The U.S. currency tumbled 3.4 percent versus the euro on March 18, the biggest drop since the 16-nation currency’s 1999 debut, when the Fed unexpectedly announced at the end of its two-day policy meeting that it will buy up to $300 billion of Treasuries and increase its purchase of agency mortgage-backed securities, a policy known as quantitative easing.
“The dollar’s decline this week has more or less priced in the policy response,” said David Woo, global head of foreign- exchange strategy at Barclays Capital in London, in an interview on Bloomberg Television. “Over the next three months, I don’t see much downside for the dollar to the extent other central banks will be under pressure to follow the Fed’s lead and essentially go down the route of quantitative easing.”

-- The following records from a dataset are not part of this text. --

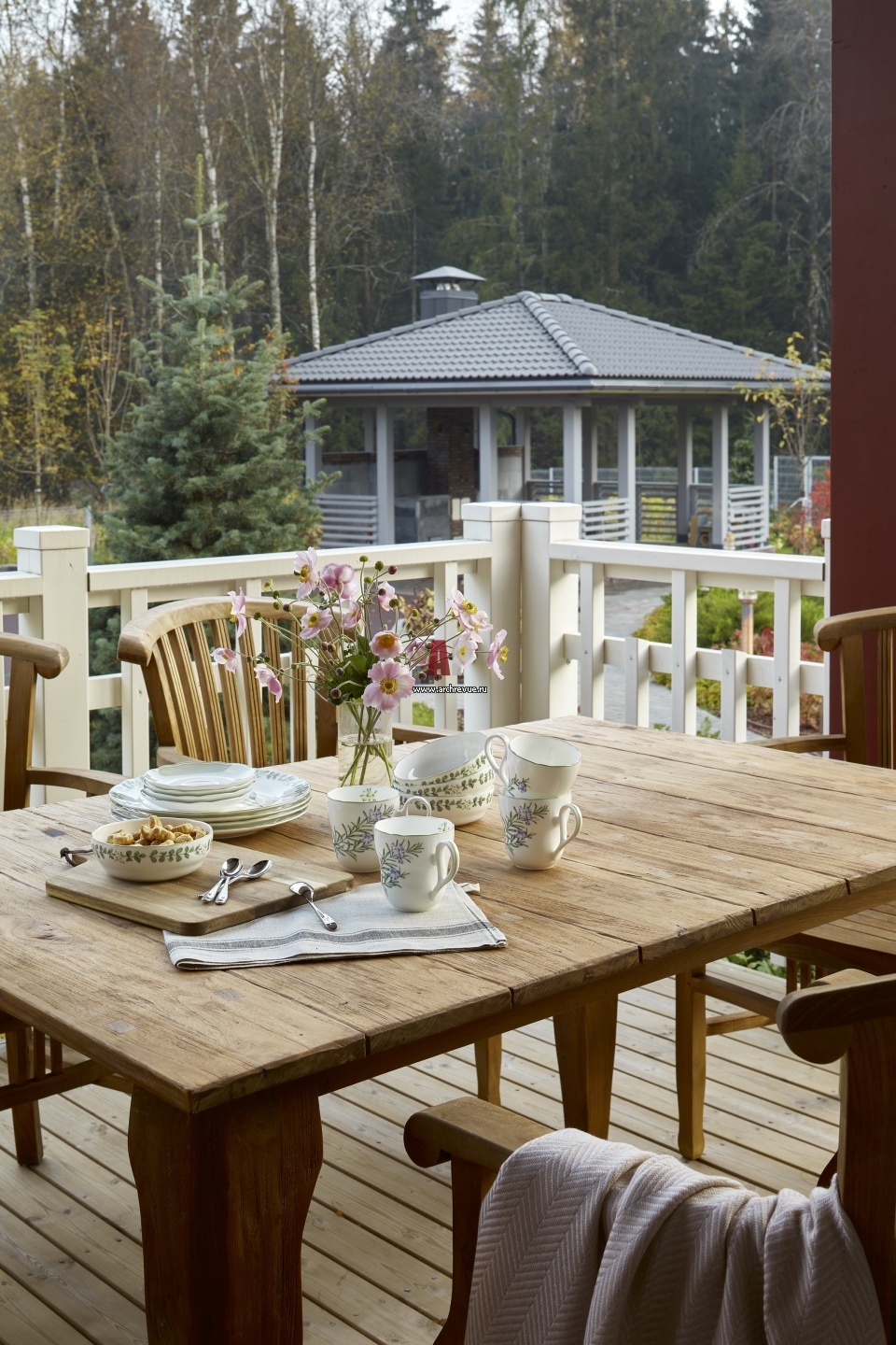 Деревянный дом на краю леса. На террасу можно попасть из общей гостиной. Летом здесь накрывается стол для трапез на открытом воздухе.
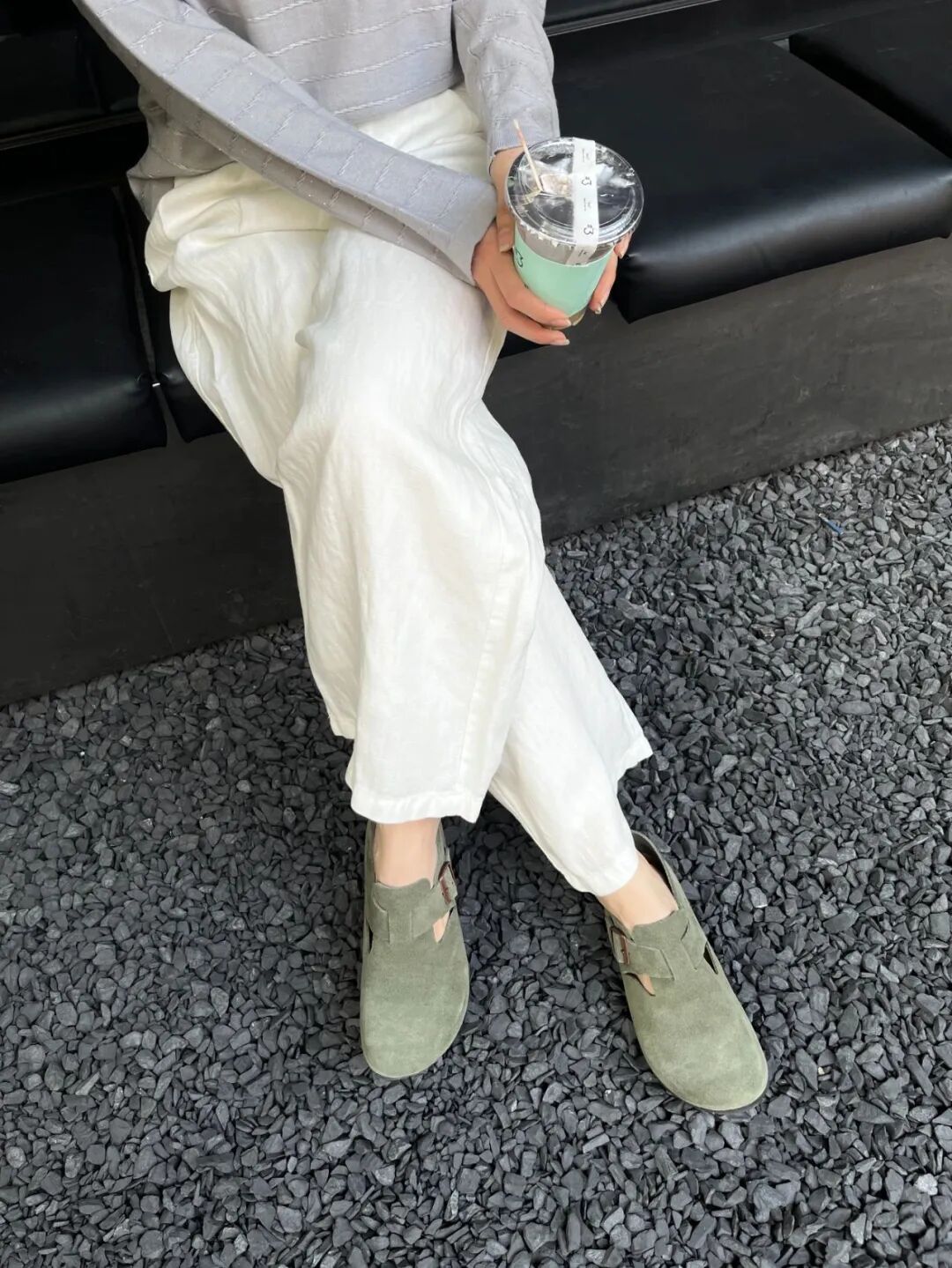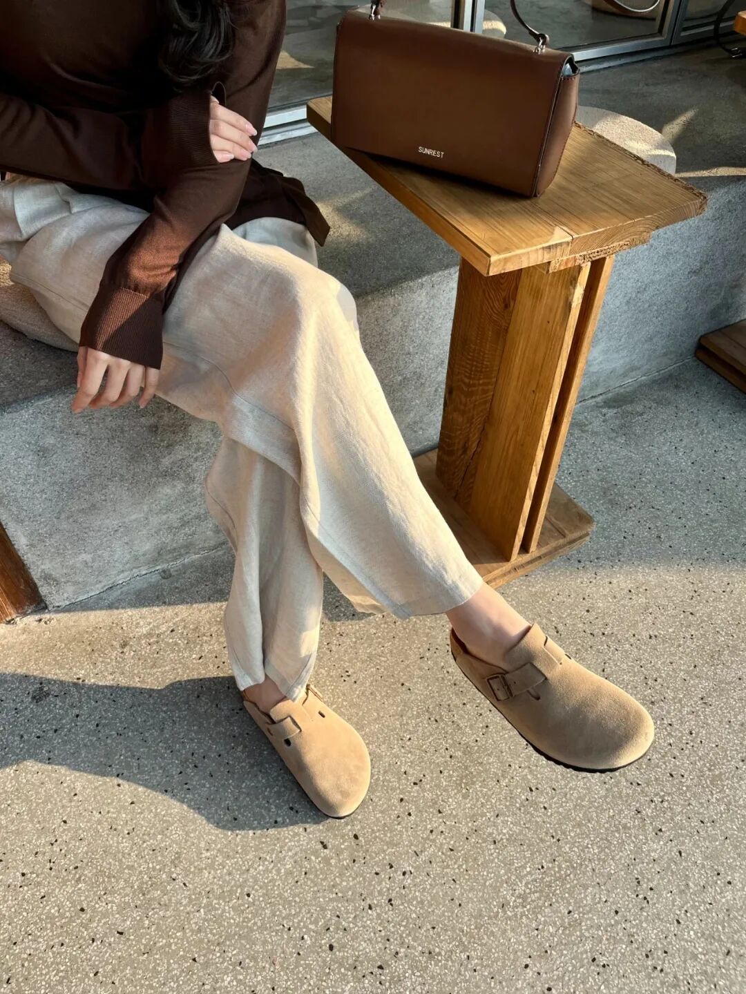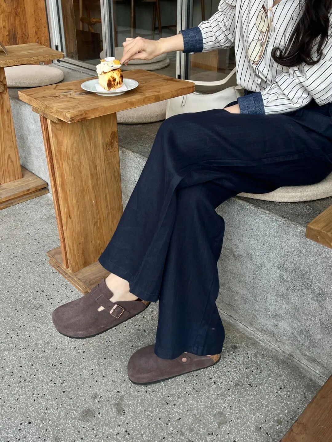 穿一条阔腿裤盖住鞋面,一点也看不出来是拖鞋。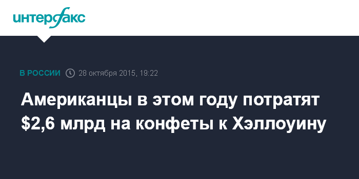Как прогнозирует Национальная ассоциация кондитеров (NCA), в этом году на покупку конфет к 31 октября будет потрачено $2,6 млрд против немногим более $2,5 млрд годом ранее. Эта сумма составляет более 7% годовых продаж в отрасли.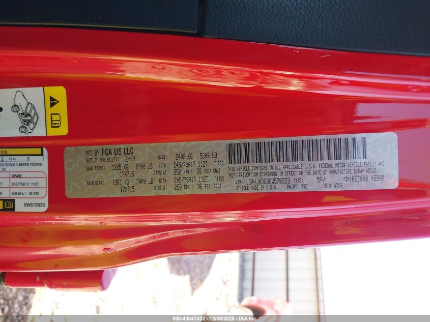 Колір ЧервонийЦиліндри 6Привід Повний привідVIN 1C4HJXDG3KW570333Стан Заводиться та їде (перевірено)Ушкодження Передня або задня AutoRIA

Stocks advanced this week, while crude oil had a fifth week of gains, the longest winning streak in 11 months. The Standard & Poor’s 500 Index increased 1.6 percent. Crude oil rose above $50 a barrel.
Norway’s krone was the best performer versus the dollar among the major currencies, increasing 7 percent this week to 6.377, the biggest advance since 1973. The Australian dollar gained 4.4 percent to 68.69 U.S. cents, extending its advance in March to 7.5 percent. Crude oil is Norway’s largest export, while raw materials account for 60 percent of Australia’s overseas sales.
Colombia’s peso increased 3.6 percent to 2,359 per dollar, while the South Korean won appreciated 5 percent to 1,412.25 on demand for emerging-market assets.
“The rise in risk appetite may be sustained in the near term, which would make the dollar weaker still,” a team led by Vincent Chaigneau, head of fixed-income and currency strategy at Societe Generale SA in London, wrote in a research note yesterday. “We remain skeptical about the durability of that run, but still believe that the newly found dollar weakness could last.”
The yield on the benchmark 10-year Treasury note dropped the most since January 1962 on the day of the Fed’s announcement and fell 0.26 percentage point this week in its biggest decrease since December. At 2.63 percent, the yield was 0.34 percentage point lower than that of the comparable-maturity German bund. The gap widened 0.16 percentage point from a week earlier, making U.S. assets less attractive.
“We would by no means assume that the reaction to the Fed’s quantitative-easing announcement has run its course,” Credit Suisse Group AG currency strategists led by London-based Ray Farris wrote in a research note yesterday. “Fed purchases of Treasuries are likely to be quite problematic for the U.S. dollar, particularly given large foreign holdings of Treasuries and the loss of yield support for the dollar that Fed purchases have caused.”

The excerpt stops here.